┌──

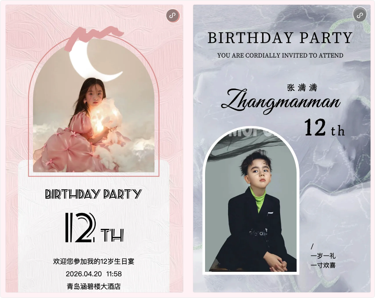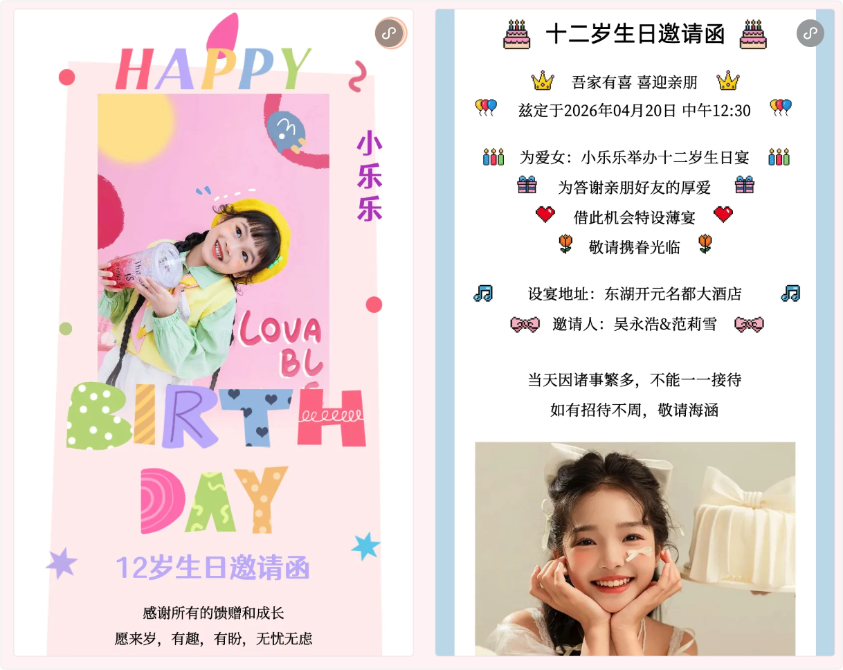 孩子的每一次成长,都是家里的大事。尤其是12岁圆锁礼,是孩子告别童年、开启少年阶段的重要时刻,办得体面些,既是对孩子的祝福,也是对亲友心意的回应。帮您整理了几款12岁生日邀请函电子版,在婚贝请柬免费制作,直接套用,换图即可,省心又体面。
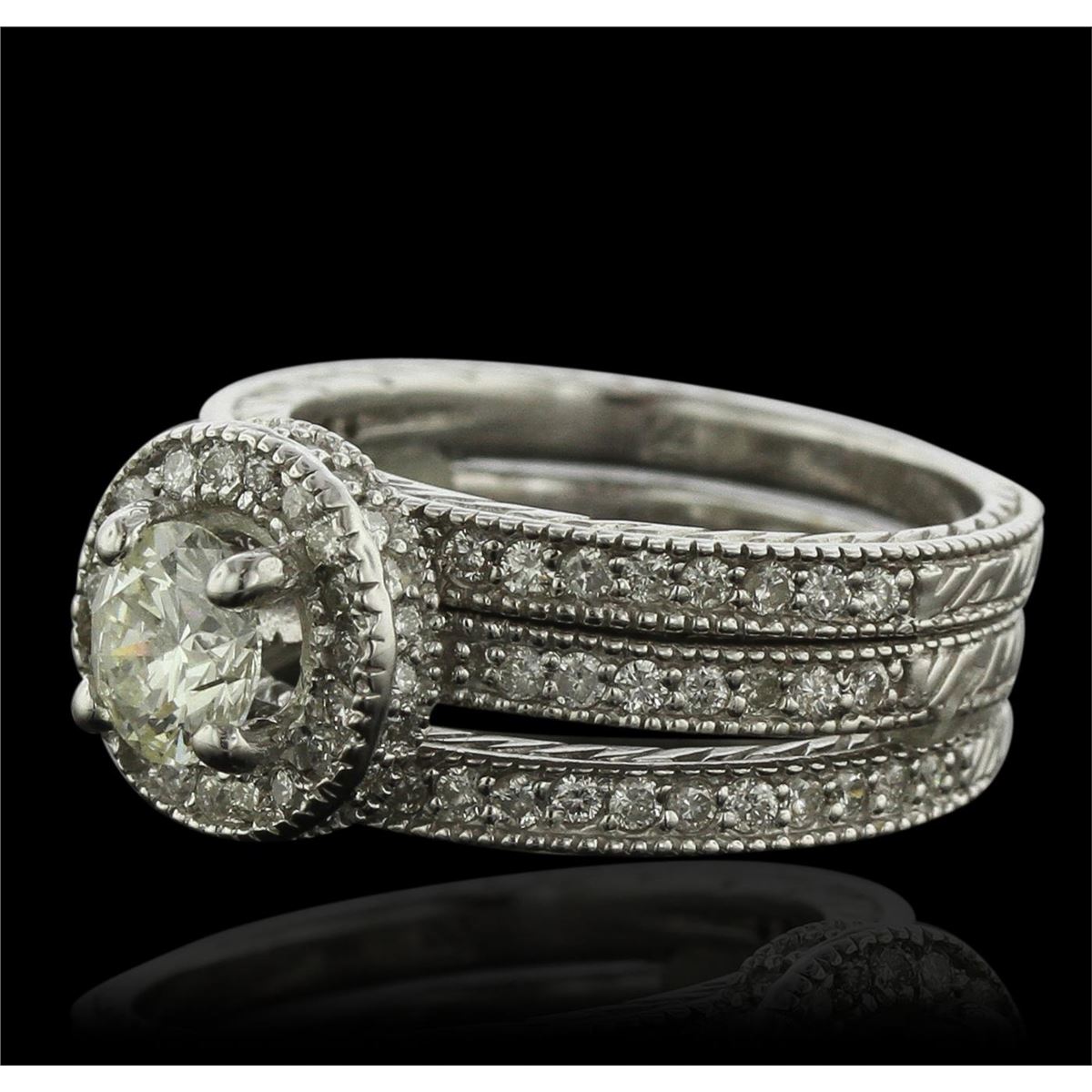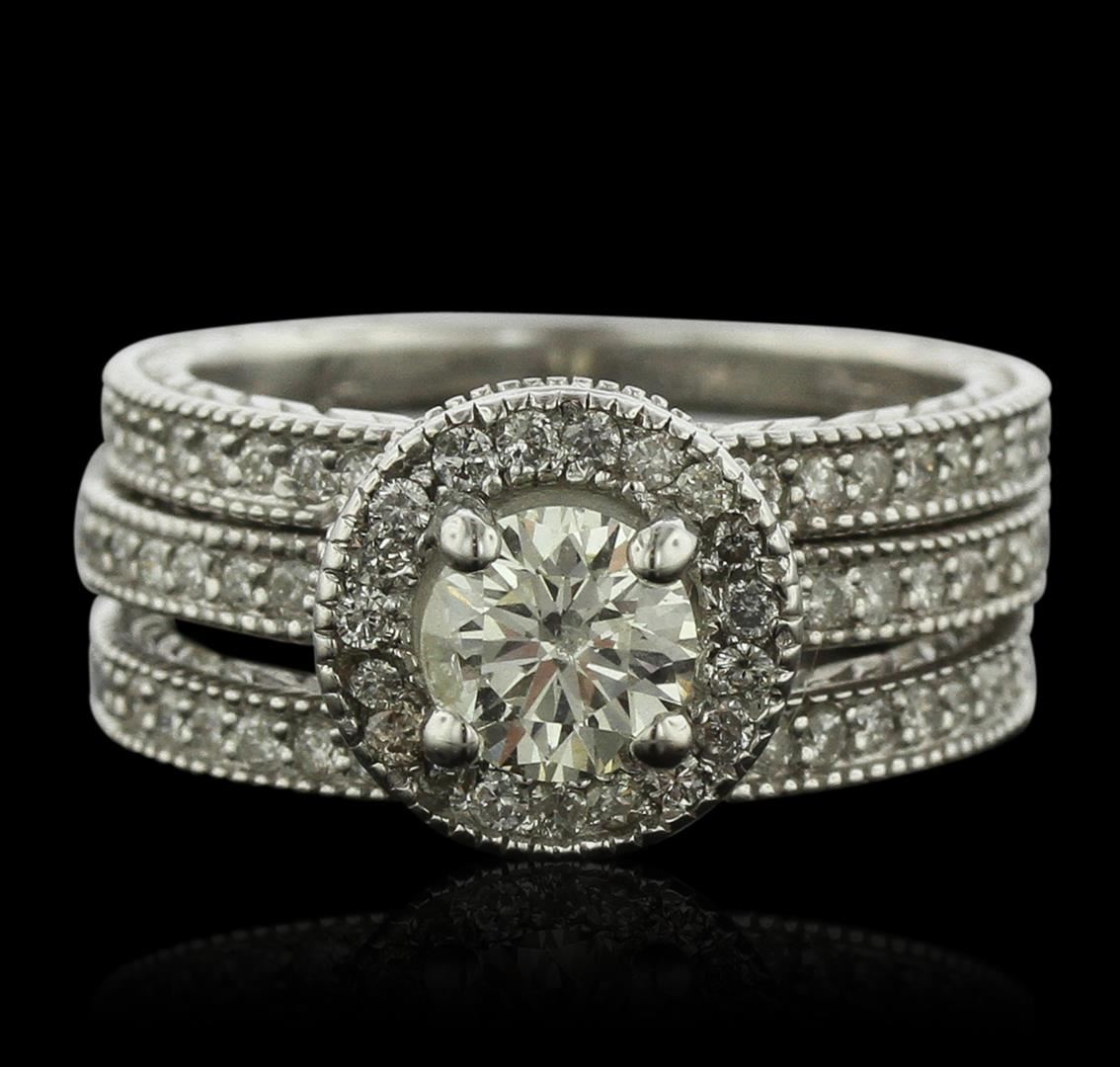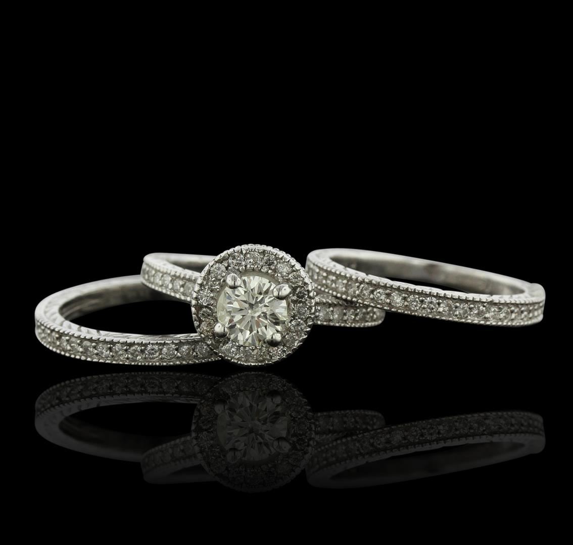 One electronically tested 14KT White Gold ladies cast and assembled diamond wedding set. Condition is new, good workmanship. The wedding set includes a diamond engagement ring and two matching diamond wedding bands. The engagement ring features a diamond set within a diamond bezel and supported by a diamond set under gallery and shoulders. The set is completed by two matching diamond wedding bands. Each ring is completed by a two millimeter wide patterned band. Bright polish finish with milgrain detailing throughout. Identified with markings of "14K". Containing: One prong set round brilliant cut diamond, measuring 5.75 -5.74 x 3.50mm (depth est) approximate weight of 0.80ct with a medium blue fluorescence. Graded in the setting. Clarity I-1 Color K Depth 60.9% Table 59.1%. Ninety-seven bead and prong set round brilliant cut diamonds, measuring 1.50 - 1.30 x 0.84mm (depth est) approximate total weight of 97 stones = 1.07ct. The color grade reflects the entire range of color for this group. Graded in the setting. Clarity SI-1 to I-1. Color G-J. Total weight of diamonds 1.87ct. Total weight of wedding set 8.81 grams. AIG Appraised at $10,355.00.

└──
┌──

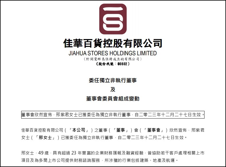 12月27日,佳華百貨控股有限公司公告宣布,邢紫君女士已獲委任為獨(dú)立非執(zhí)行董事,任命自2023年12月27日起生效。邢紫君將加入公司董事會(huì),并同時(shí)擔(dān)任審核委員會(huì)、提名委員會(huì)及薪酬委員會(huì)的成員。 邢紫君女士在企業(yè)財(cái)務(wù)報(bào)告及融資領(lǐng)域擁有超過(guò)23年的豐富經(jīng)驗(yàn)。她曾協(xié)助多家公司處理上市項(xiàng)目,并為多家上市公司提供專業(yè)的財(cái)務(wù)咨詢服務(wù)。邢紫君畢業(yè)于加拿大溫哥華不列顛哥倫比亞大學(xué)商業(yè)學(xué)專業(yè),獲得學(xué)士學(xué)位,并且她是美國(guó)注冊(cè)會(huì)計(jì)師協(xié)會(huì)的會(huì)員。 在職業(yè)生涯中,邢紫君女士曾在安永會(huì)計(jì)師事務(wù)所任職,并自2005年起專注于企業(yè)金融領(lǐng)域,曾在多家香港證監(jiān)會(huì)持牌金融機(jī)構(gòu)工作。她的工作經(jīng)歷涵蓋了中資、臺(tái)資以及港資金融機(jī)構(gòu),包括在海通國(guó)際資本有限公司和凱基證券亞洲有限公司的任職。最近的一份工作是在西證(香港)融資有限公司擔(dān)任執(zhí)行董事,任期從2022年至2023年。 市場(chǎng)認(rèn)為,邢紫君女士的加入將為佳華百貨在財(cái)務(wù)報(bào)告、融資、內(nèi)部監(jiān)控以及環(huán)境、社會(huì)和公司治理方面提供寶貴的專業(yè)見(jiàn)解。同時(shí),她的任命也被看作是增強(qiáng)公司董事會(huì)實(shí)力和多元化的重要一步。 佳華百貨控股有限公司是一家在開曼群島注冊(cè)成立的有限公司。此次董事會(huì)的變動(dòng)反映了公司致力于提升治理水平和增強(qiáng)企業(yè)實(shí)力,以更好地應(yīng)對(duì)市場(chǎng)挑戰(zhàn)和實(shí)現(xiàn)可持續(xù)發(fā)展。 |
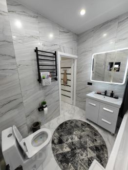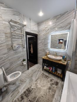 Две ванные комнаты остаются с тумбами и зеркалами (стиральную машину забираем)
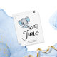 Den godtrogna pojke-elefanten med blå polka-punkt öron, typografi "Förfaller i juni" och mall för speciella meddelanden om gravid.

└──

■ TASK DETAILS
Above are records; repeat only the lines from the line with "Две ванные комнаты" through the line with "Den godtrogna pojke-elefanten", and leave pictures out.

■ RESPONSE BOX
 Две ванные комнаты остаются с тумбами и зеркалами (стиральную машину забираем)
 Den godtrogna pojke-elefanten med blå polka-punkt öron, typografi "Förfaller i juni" och mall för speciella meddelanden om gravid.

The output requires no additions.